5. The process as claimed in claim 1, wherein the production of Tagatose from carbohydrate source such as and not limited to Starch, Maltose, Amltodextrin, glucan, using fusion enzyme comprising combination of the steps:
a. Converting the carbohydrate source to glucose-1 phosphate in the presence of glycogen/glucan phosphorylase (GP) comprising the amino acid sequence which has atleast 85% sequence similarity to SEQ ID: 3, with or without addition Pullulanase (SEQ ID 8) for enhancing starch conversion;
b. converting the glucose-1 phosphate obtained in step (a) to glucose 6-phosphate in the presence of the enzyme phosphoglucomutase (PGM) comprising the amino acid sequence which has atleast 85% sequence similarity to SEQ ID: 4;
c. converting the glucose 6-phosphate (G6P) produced in step (b) to fructose 6 phosphate (F6P) in the presence of phosphoglucoisomerase (PGI) comprising the amino acid sequence which has atleast 85% sequence similarity to SEQ ID: 5;
d. Converting the fructose 6 phosphate produced in the step (c) to Tagatose 6-phosphate in the presence of Fructose: Tagatose eldolase (GATY) comprising the amino acid sequence which has atleast 85% sequence similarity to SEQ ID: 6; and
e. Converting the Tagatose 6-phosphate obtained in step (d) to Tagatose in the presence of enzyme Tagatose 6 phosphate phosphatase (T6PP) comprising the amino acid sequence which has atleast 85% sequence similarity to SEQ ID: 7.
6. The process as claimed in claim 1, wherein the production of Tagatose from carbohydrate source such as and not limited to cellulose, cellobiose, using fusion enzyme comprising combination of the steps:
a. Converting the carbohydrate source to glucose using extracellular enzymes selected from Cellulase, Exo and Endo glucanase, Glucosidase, and the like;
b. Converting the glucose produced in the step (a) in the presence of polyphosphate to glucose 6-phosphate (G6P) by the enzyme glucokinase comprising the amino acid sequence which has atleast 85% sequence similarity to SEQ ID: 2;
c. converting the glucose 6-phosphate (G6P) produced in step (b) to fructose 6 phosphate (F6P) in the presence of phosphoglucoisomerase (PGI) comprising the amino acid sequence which has atleast 85% sequence similarity to SEQ ID: 5;
d. Converting the fructose 6 phosphate produced in the step (c) to Tagatose 6-phosphate in the presence of Fructose: Tagatose eldolase (GATY) comprising the amino acid sequence which has atleast 85% sequence similarity to SEQ ID: 6; and
e. Converting the Tagatose 6-phosphate obtained in step (d) to Tagatose in the presence of enzyme Tagatose 6 phosphate phosphatase (T6PP) comprising the amino acid sequence which has atleast 85% sequence similarity to SEQ ID: 7.

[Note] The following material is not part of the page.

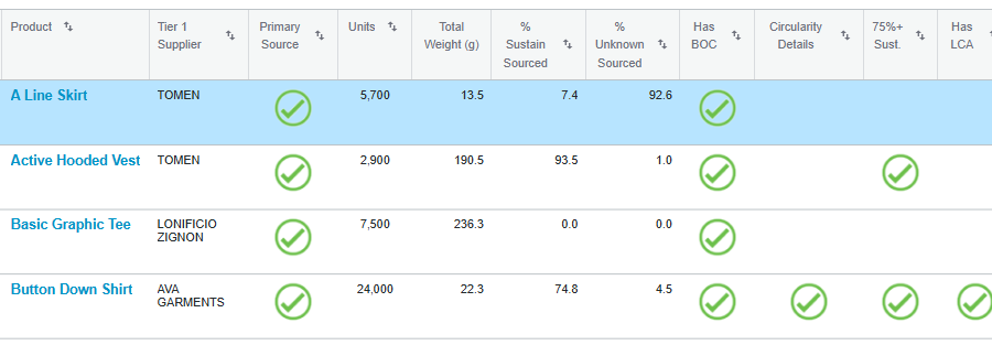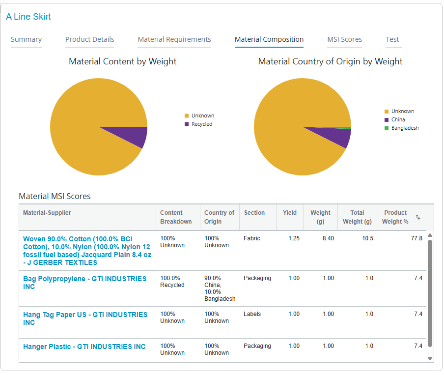 Not only does this allow the designer to verify that they have data for each of the materials (“we’re missing content data for our Hang Tag”), it also provides an estimate of whether the product meets any requirements you have for percent sustainably-sourced materials.

7. The process as claimed in claim 1, wherein the enzymes used in sequential steps of bioconversion are generated as fusion protein using linkers such as and not limited to flexible linker, rigid linker, and the like.

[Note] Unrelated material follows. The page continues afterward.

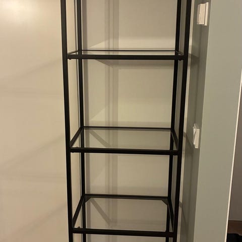 Alin ja ylin hylly puuta, muut hyllyt lasia.

8. The process as claimed in claim 1, wherein the fusion enzymes are introduced in the reaction mixture in either free or immobilized form or combination thereof.

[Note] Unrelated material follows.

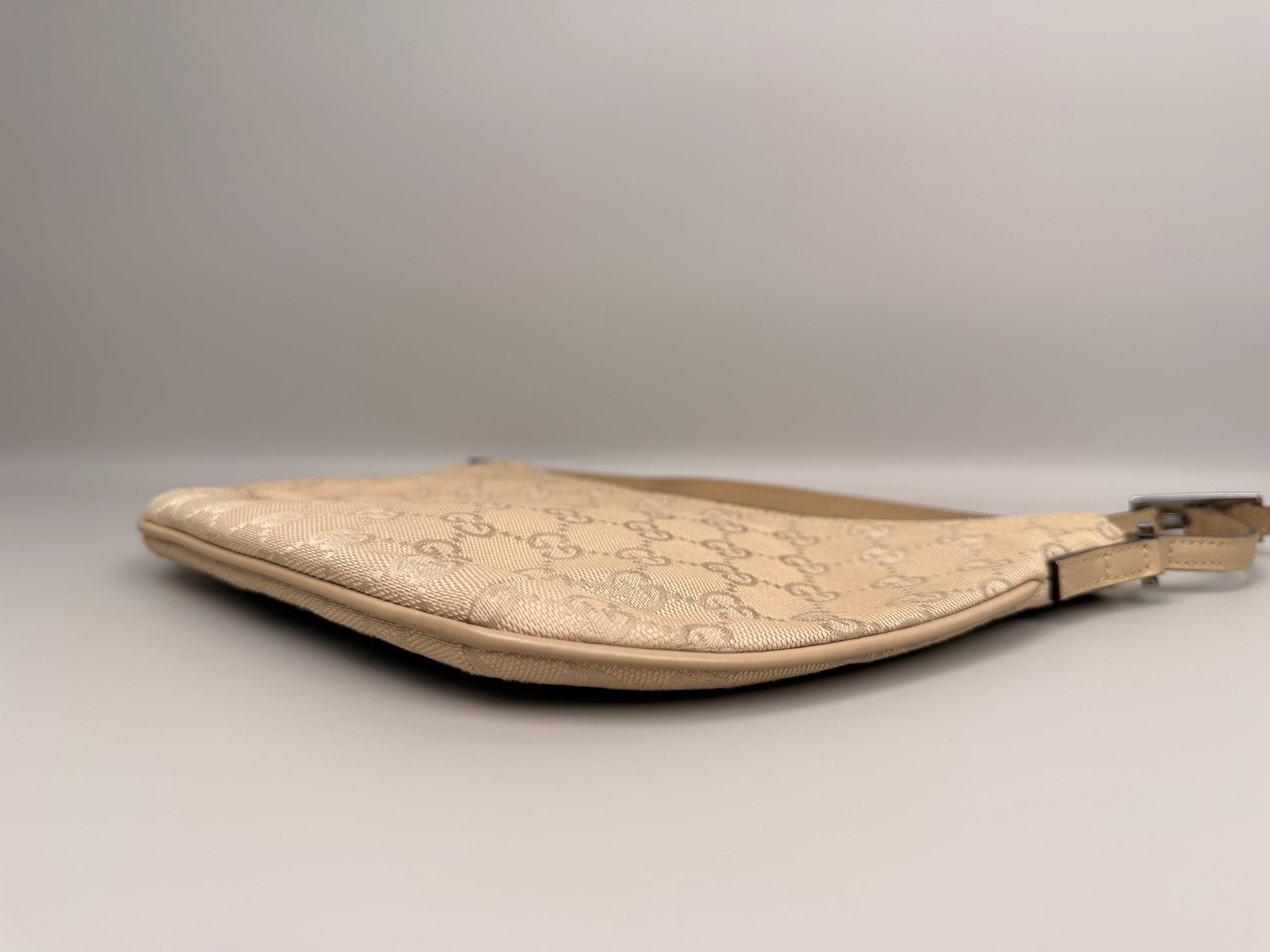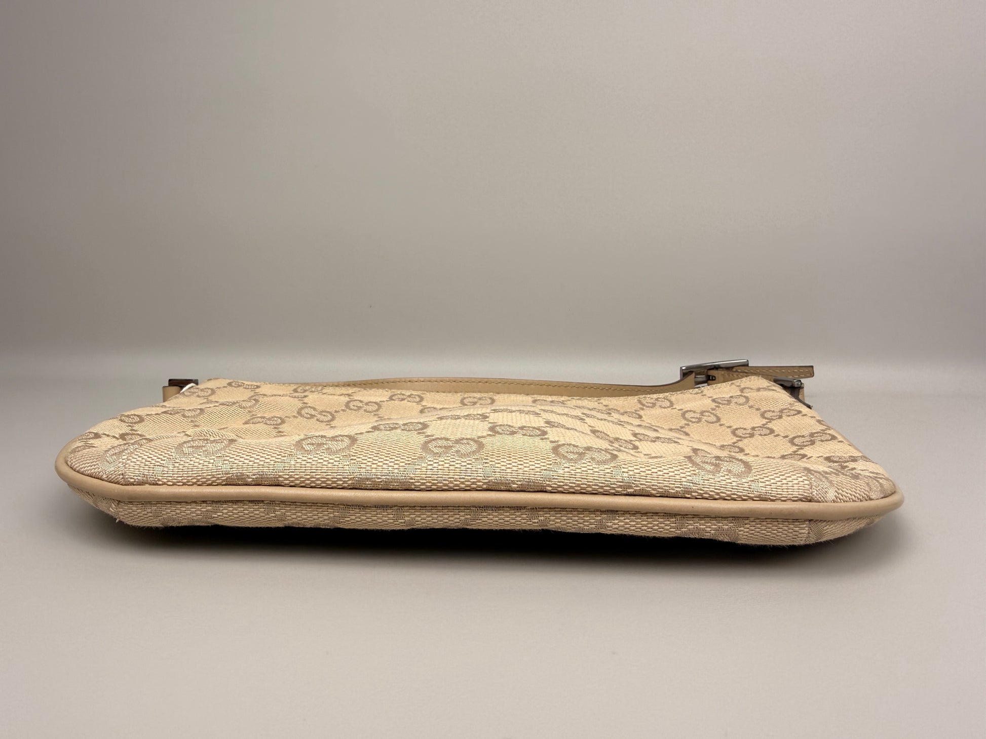This pre-loved Gucci monogram shoulder bag features the iconic beige GG Supreme canvas, paired with brown leather trim and an adjustable shoulder strap. The slouchy, curved silhouette delivers effortless 90s-era Gucci charm, with a spacious interior for everyday essentials.

9. The process as claimed in claim 1, wherein the enzymes reaction is carried out in the presence of inorganic polyphosphate or ATP.
10. The process as claimed in claim 1, wherein the said enzymes are used in free or immobilized form or combination thereof.
11. The process as claimed in claim 1 to 6, wherein the enzymes are added as individual enzyme and/ or fusion enzymes, either in a single pot reaction or in sequential enzyme/ fusion enzyme addition to achieve tagatose production.
12. The process as claimed in claim 1, wherein the process for the preparation of the fusion enzymes comprises:
a. Preparing recombinant cells for expressing the recombinant fusion proteins encoding the enzymes Fructose: Tagatose aldolase and Tagatose 6 phosphate phosphatase;
b. Culturing the recombinant cells at 370C followed by inducing fusion protein expression under different concentration of IPTG and at a temperature of 20-300C; and
c. Extracting and isolating the fusion proteins from culture by causing cell lysis and after separation of soluble and insoluble fractions.